FIG. 22 is a flow chart showing an algorithm, indicated generally by the reference numeral 220, in accordance with an example embodiment.
The algorithm 220 starts at operation 52 where, as discussed in detail above, one or more blocked microphones is identified.
At operation 222 of the algorithm 220, an audio capture mode is set based, at least in part, on the identified blocked microphone(s). For example, the audio capture mode may be set based on reduced performance capabilities. In one example embodiment a user may be required to confirm a change in audio capture mode, but in other example embodiments the change in audio capture mode may be automatic.
In the operation 224, a visual indication of the blocked microphone is provided on a display. As discussed in detail above, the position of the visual indication may be based, at least in part, on a location of the microphone on the audio capture device, wherein the position of the first visual indication corresponds more closely to the position of the blocked microphone than to the position of any other microphone of the multi-microphone audio capture device. In some example embodiments, the visual indication of the blocked microphone is provided on the display only in the event that a selected audio mode is not possible due to the blocked microphone.
Thus, in some examples, the algorithm 220 may automatically switch to, e.g., a lesser spatial audio format or spatial audio capture mode and indicate this switching in addition to indicating the at least one blocked microphone. A user maybe able to confirm this selection by simply continuing the capture.

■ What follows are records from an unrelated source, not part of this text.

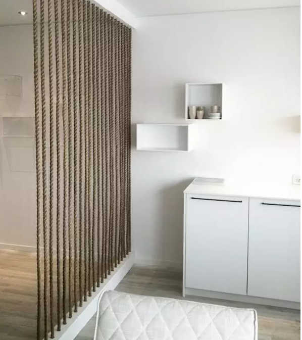 ▲麻繩屏風,軟化棱角分明的冷色空間
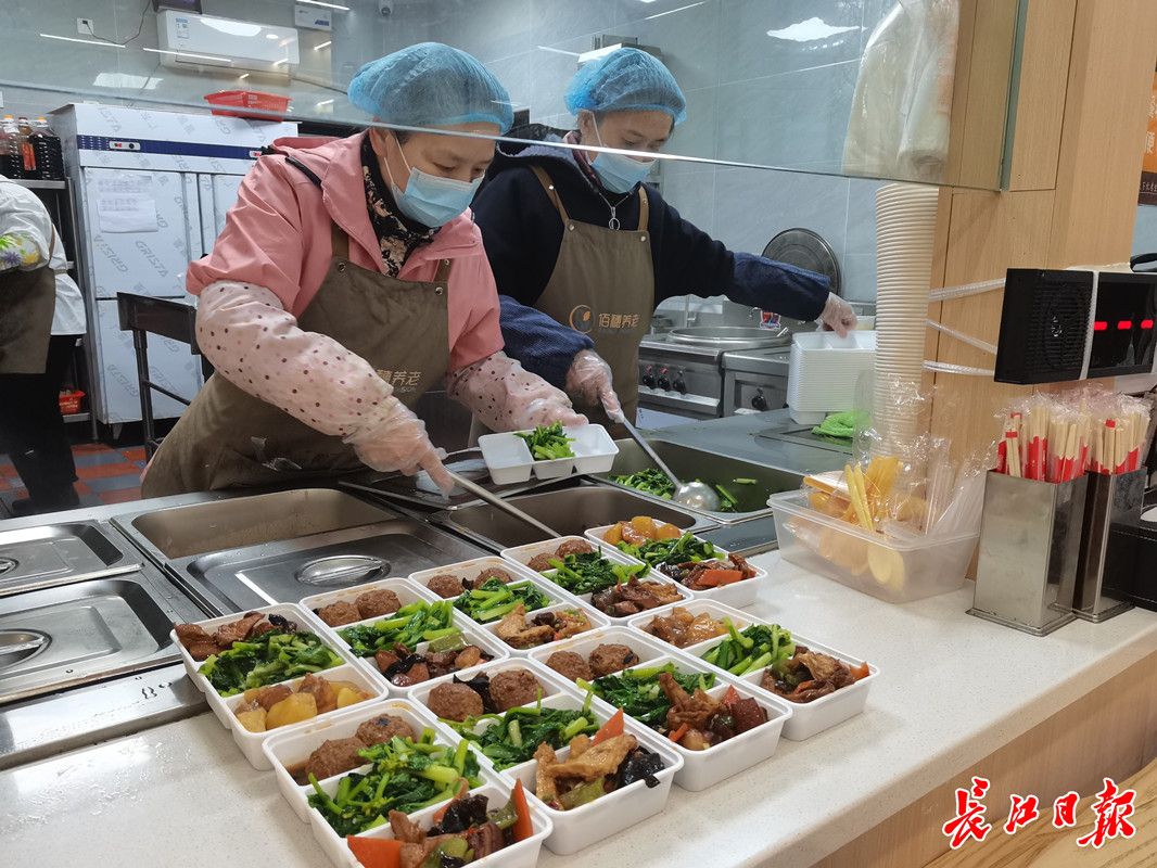 烩三鲜、红烧狮子头、土豆烧鸡、干煸鱼块、卤藕回锅肉……当天上午10时,江岸区劳动街道惠中社区食堂的菜品已陆续出锅,“90后”送餐员王琼打包了23份盒饭装进两个保温箱,分别放在电动车的踏板上和后备箱里。
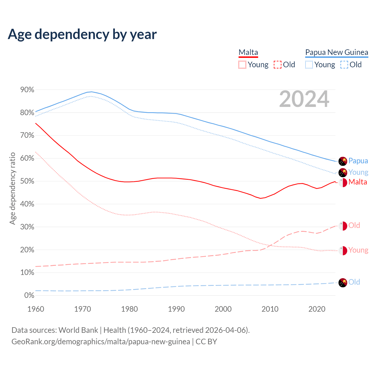 - The share of old-age demographic (65+) in Malta is 20.2% vs 3.46% in Papua New Guinea.
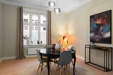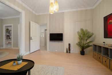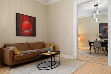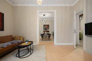 Lys og innbydende 4-roms hjørneleilighet. Attraktiv beliggenhet. Bad 2025. To stuer på rekke. V.vann og bredbånd inkl.
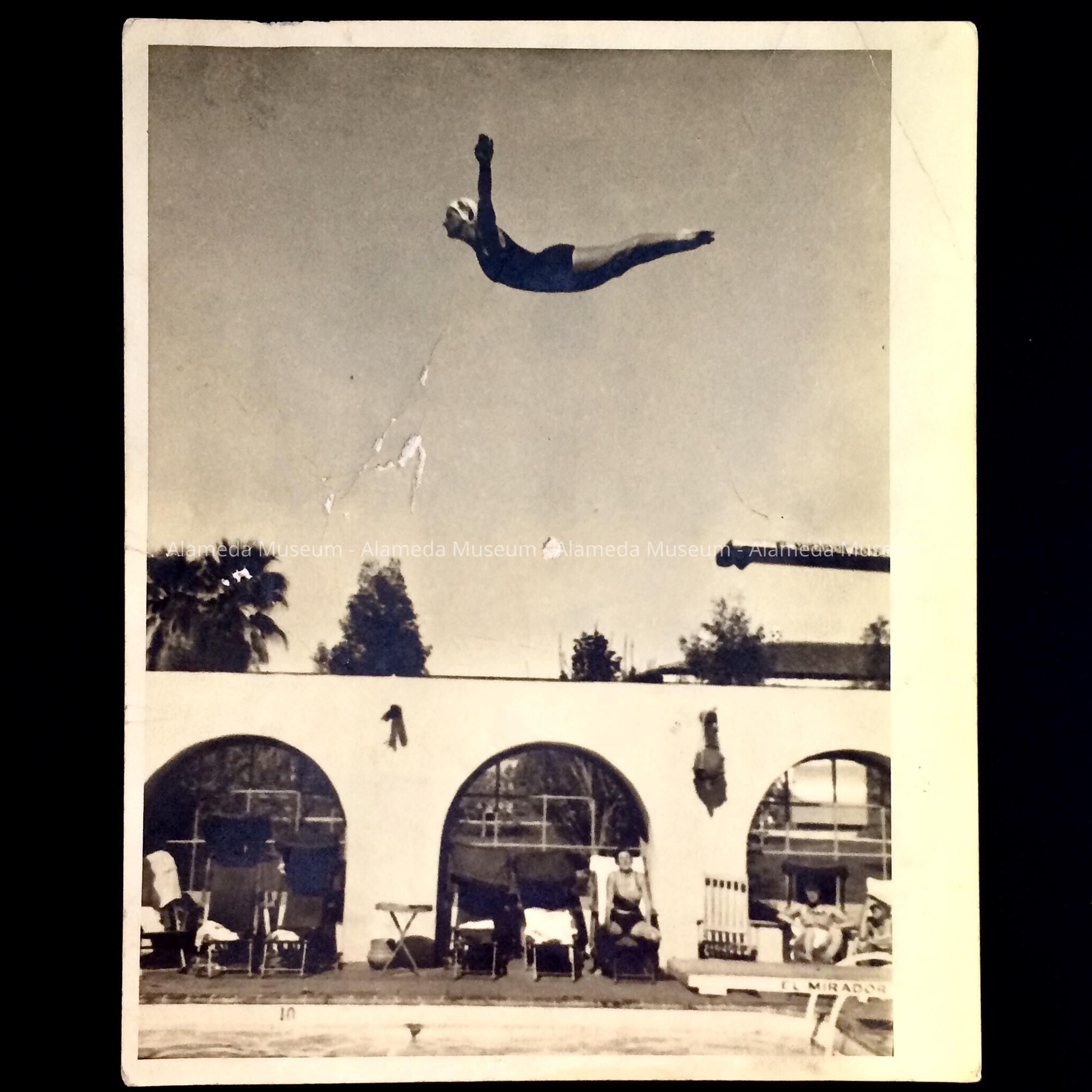 Photo of a female diver diving into El Mirador Hotel, c. 1930sEntry/Object ID
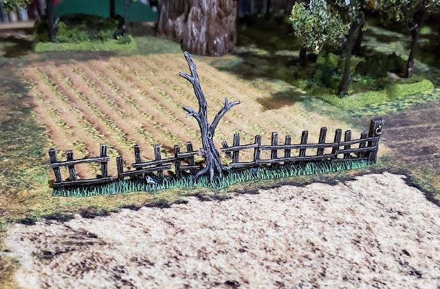 This was followed by Citadel Contrast Colors - Basilicanum Gray for the stones, Wyldwood Brown for the wooden fencing, one of the yellows for the wattle fencing. They could have been finished at that point but there were a fair amount of details to pick out, ubiquitous skulls, iron rings, logs and misc.

If user decides that the mode switch due to reduced capability should not be made, the user can act to remove the blocking of the at least one microphone indicated on the display.

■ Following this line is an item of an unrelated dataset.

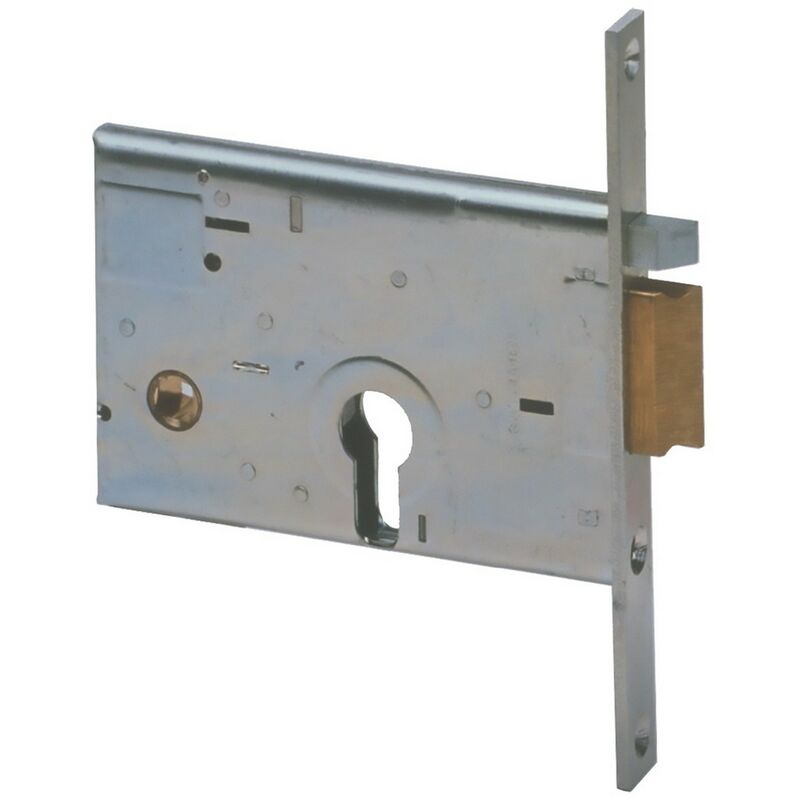 Foro cilindro europeo. scatola e frontale zincato. scrocco in ottone, altezza scatola 82 mm. tensione 12v, quadro maniglia mm 8. dotazione vite di fissaggio cilindro. senza cilindro.e58 dx - fr.mm 20/int.mm 48 scrocco
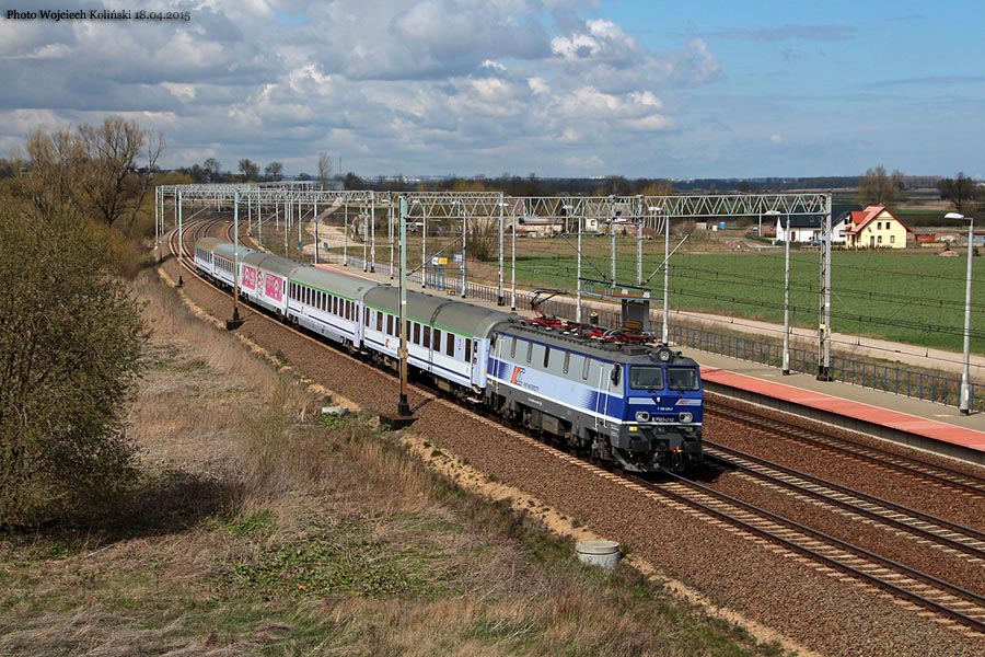 PKP Intercity EP09-001 with the passenger train "Norwid" Gdynia Glowna - Krakow Glowny and 182 164-4 21.03.2015, Rozyny Photo W. Kolins |

FIG. 23 is a block diagram of a display, indicated generally by the reference numeral 230, in accordance with an example embodiment.
FIG. 24 is a block diagram of a display, indicated generally by the reference numeral 240, in accordance with an example embodiment.
The display 230 provides an indication to a user of a way to hold based on capture format to not block important microphone(s), such as microphones most critical to a selected (spatial) audio format. For example, in the example of FIG. 23, a user has selected a planar-FOArepresentation (a first order Ambisonics (FOA) format that does not have height information). Such reduced FOA representation can be useful for certain applications, e.g., audio calls where height information may not be particularly important. As the user has the device in portrait orientation, the system may first suggest rotating the device to landscape orientation. This may, for example, maximize separation between the microphones that will be used to derive the spatial audio according to the selected format.
When user has the device in the correct orientation, the system may then indicate, using the display 240, how user should hold it in order to avoid blocking the most important microphones. For example, the system may indicate the positions of the microphones on the device it intends to use for the (spatial) audio capture.
There may be situations where the current capture is adjusted to the available non-blocked microphones, but a user wants to use a feature that would require some of the currently blocked microphones to operate optimally.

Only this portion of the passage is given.